2. Which challenge caused the greatest change in respiratory rate (pre-challenge vs. post
challenge)? Tidal volume? Minute ventilation? Did respiratory rate or tidal volume change
the most relative to its resting value?
The greatest change in respiratory rate was when he was rapid breathing. The greatest
change in tidal volume was holding breath. And the greatest change in minute
ventilation was rapid breathing. The tidal volume changed the most from what its
resting value was.
3. How might breathing into a paper bag help someone who is extremely anxious and
hyperventilating?
Breathing into a paper bag can help someone who is anxious and hyperventilating because
when they breathe into the bag and exhale into the bag the levels of CO2 are increased
in the bag, and it helps bring more CO2 into the body and bloodstream and make your
PH normal.
4. Some patients with severe emphysema have constant high levels of CO2 because of
inadequate ventilation. The central nervous system breathing center in these patients becomes
insensitive to CO2 and more dependent on the level of O2, which is low. These patients are
said to have “oxygen-dependent respiratory drive.” What might happen if you give such a
person high levels of supplemental O2?
If you give them high levels of O2 it should help balance out the need for both CO2 and O2,
making the oxygen-dependent state slowly go away.

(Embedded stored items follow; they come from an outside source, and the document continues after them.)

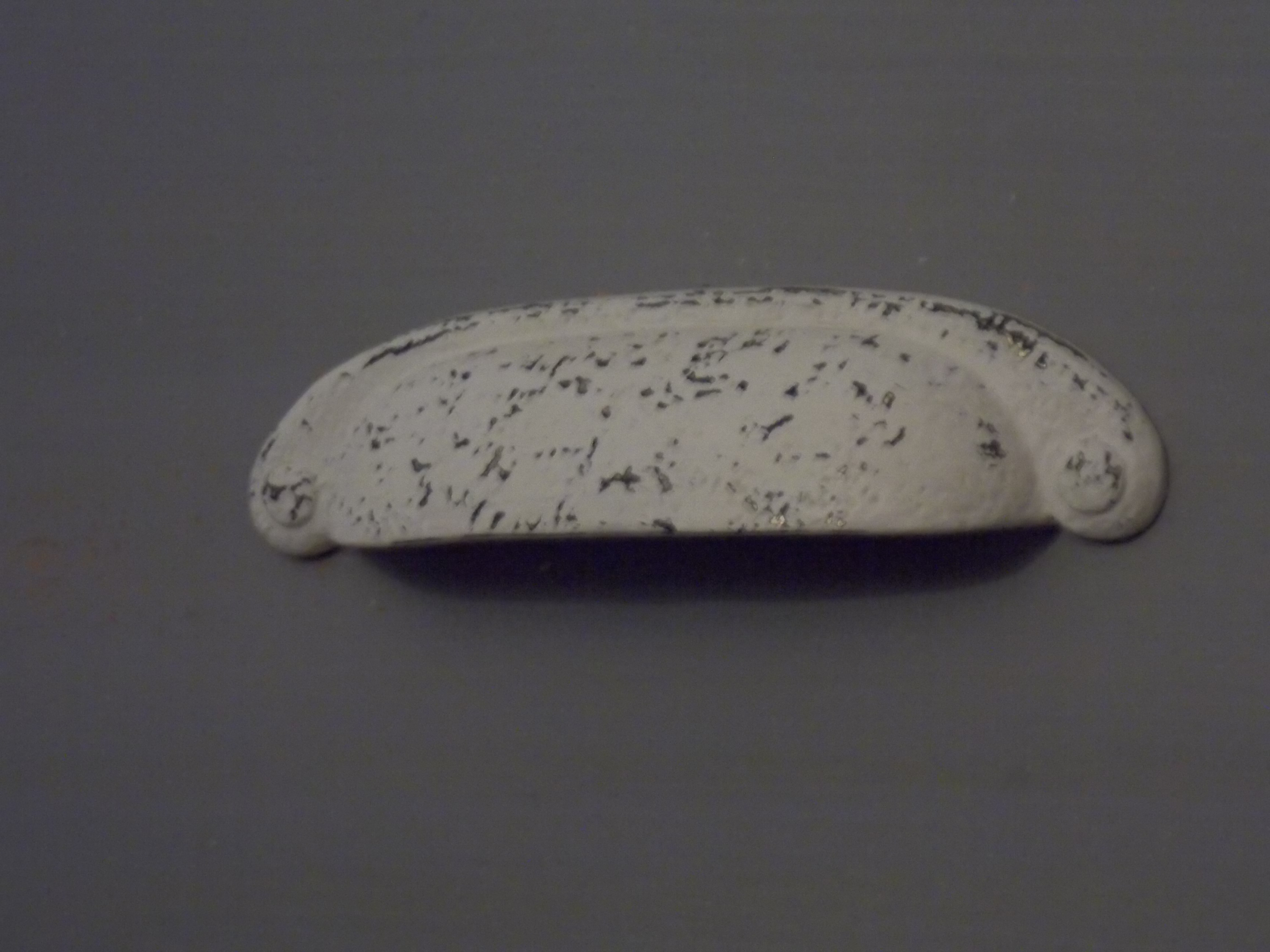 She did a wonderful job on both pieces.  I custom mixed some paint in a light grey tone and away she went.  She also decided that the night stand could use a new handle and chose a cup style handle instead which she painted in antique white and then lightly distressed.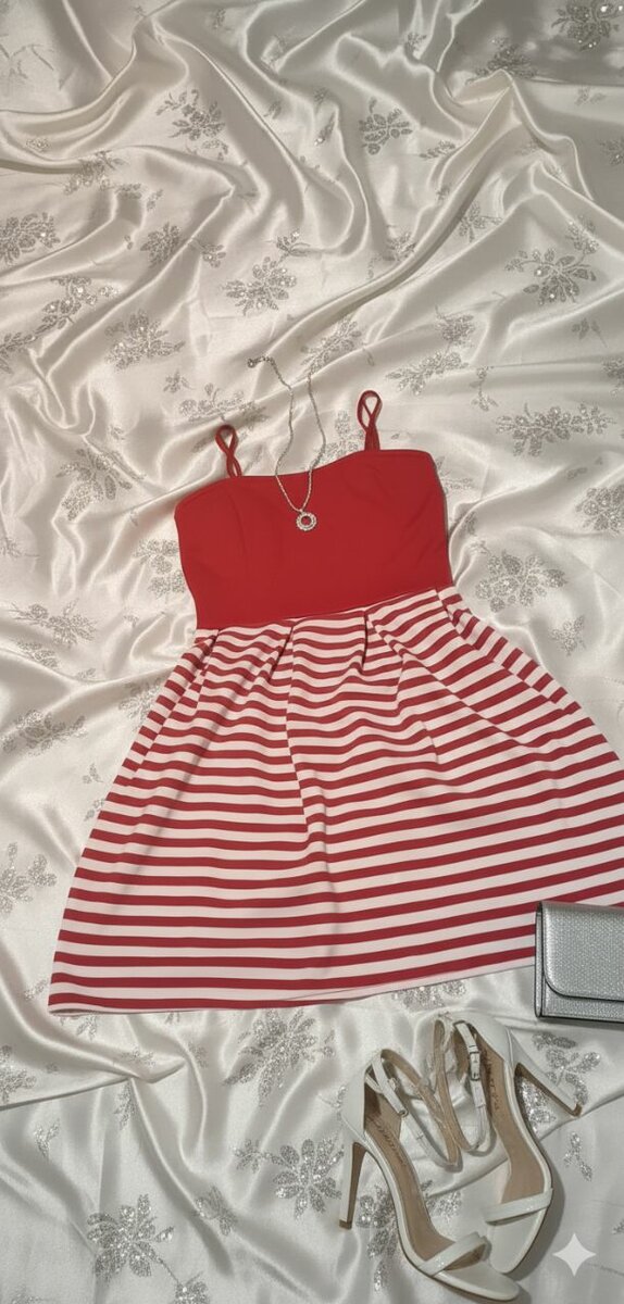 Cette robe rayée rouge et blanche est parfaite pour toutes les occasions spéciales. Avec ses bretelles fines et son design flatteur, elle vous mettra en valeur avec élégance. Idéale pour une soirée d'été ou un événement chic, elle peut être assortie à des talons et des accessoires subtils pour un look complet.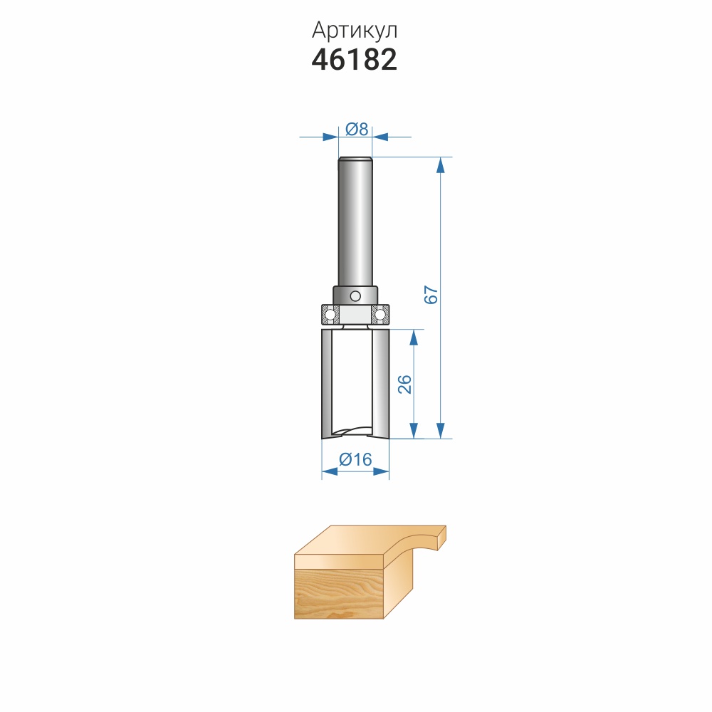 Фреза Энкор 46182 предназначена для чистовой обработки кромки и торца изделия из различных пород древесины.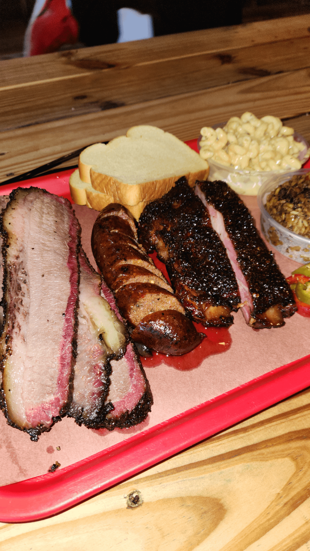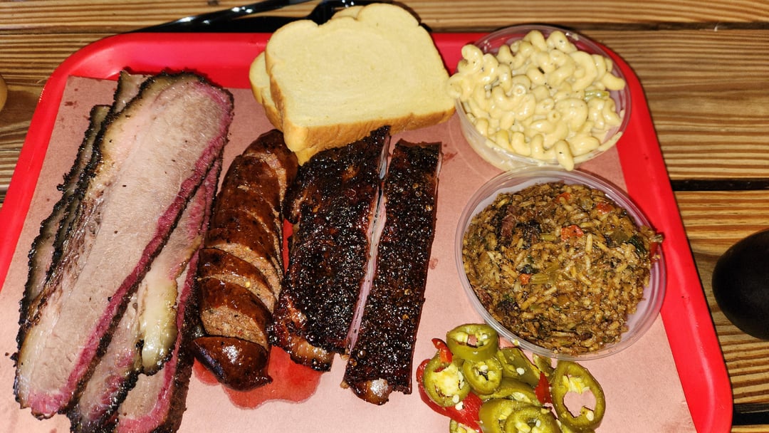 1 lb brisket, half lb pork rib, spicy sausage, dirty rice and mac n cheese Some of the best BBQ ive had besides goldees by onlyabdul 9 Comments telji 9 months ago Looks delicious. How much did you pay? Loader-Man-Benny 9 months ago Wow that looks good Ok_Cover5451 9 months ago Do u need someone to be critical lol…that brisket looks too pale in the pic, and u didn’t turn a rib on its side so we can see the goods ExplanationFew8890 9 months ago That dirty rice looks hella seasoned and all the rest looks good as well. Rivvin 9 months ago the color on the fat is primo work No-Examination9611 9 months ago Awesome 👌 looking!!! Truly delicious looking 😋 Public_Enemy_No2 9 months ago Normally, when I see an exaggerated smoke ring, I think pellet smokers. This joint use em? siriboss 9 months ago One of my favorites in DFW! Candid-Librarian7015 9 months ago That’s a feast. Looks incredible.Write A CommentYou must be logged in to post a comment.
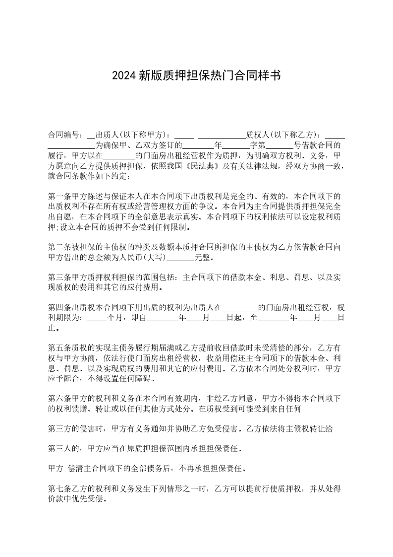 合同编号:__出质人(以下称甲方):_____ ____________质权人(以下称乙方):_____ ____________为确保甲、乙双方签订的________年_______字第_______号借款合同的履行,甲方以在________的门面房出租经营权作为质押,为明确双方权利、义务,甲方愿意向乙方提供质押担保,依照我国《民法典》及有关法律法规,经双方协商一致,就合同条款作如下约定: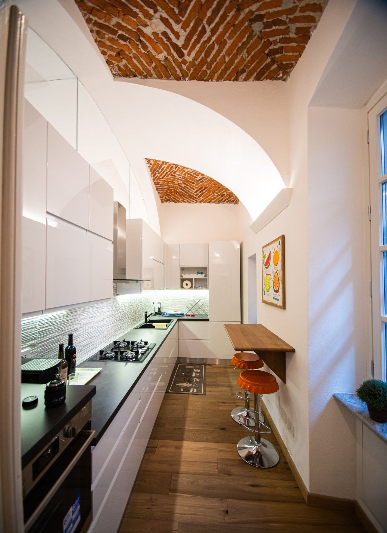 L'attenta e minuziosa ristrutturazione ha riportato aria prestigiosa e nobile all'ambiente, esaltando i soffitti a crociera con mattoni disposti a taglio, che testimoniano la disponibilità di ricchezza della famiglia. I pavimenti in legno e i dettagli delle porte interne originali e le nicchie ricavate danno calore e personalità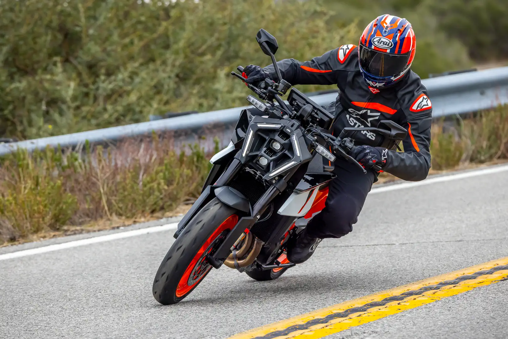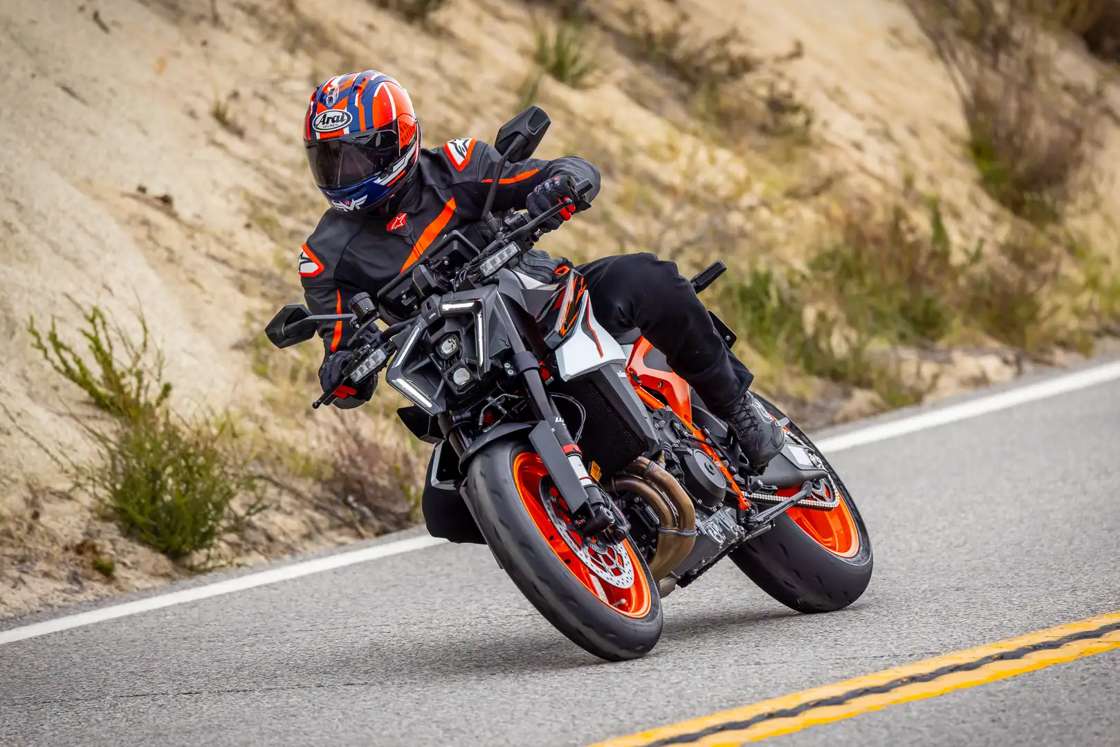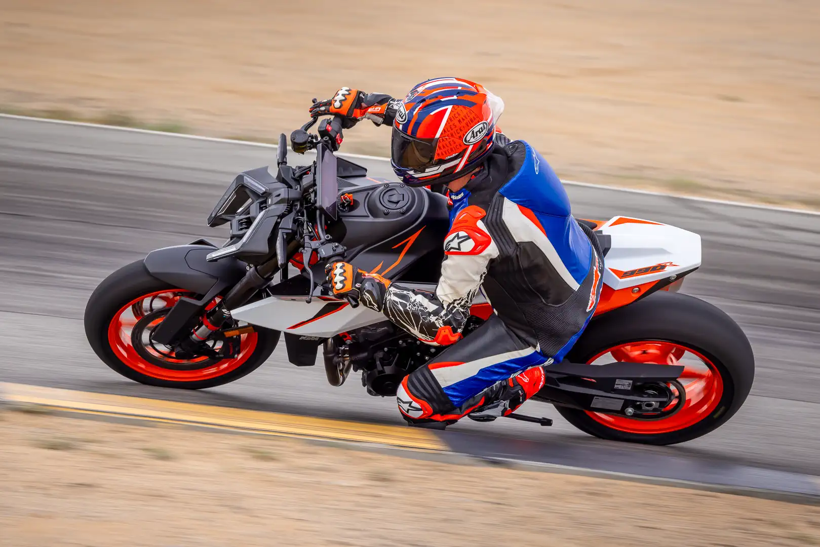 - Here’s how the suspension stuff shakes out, friends. According to KTM staffers, a primary design goal is always to make its street motorcycles perform as well as possible at the racetrack, as long as that doesn’t compromise its roadworthiness. It’s a reassuringly practical take from a brand known for its lack of subtlety. Naturally, there will be some goalpost shuffling, depending on the product. Still, the 990 Duke R is a street bike first and foremost. Sure, stiffening the stock springs and/or valving would potentially make it a better track weapon for my 190-plus-pound frame. Conversely, tuning for racetrack use chips away at its excellent compliance and grip on the road. So, what we’re left with is one hell of a road bike that can also hang at track days. We can’t have it all, but we can often get close.

5. Would breathing pure O2 help the air hunger experienced by athletes who have just
completed a race? Why or why not?
Breathing pure O2 after a race doesn’t help athletes any more than just breathing the
regular air afterwards. They are feeling the air hunger because of the overuse of their
muscles causing a buildup of lactic acid in the muscles and blood.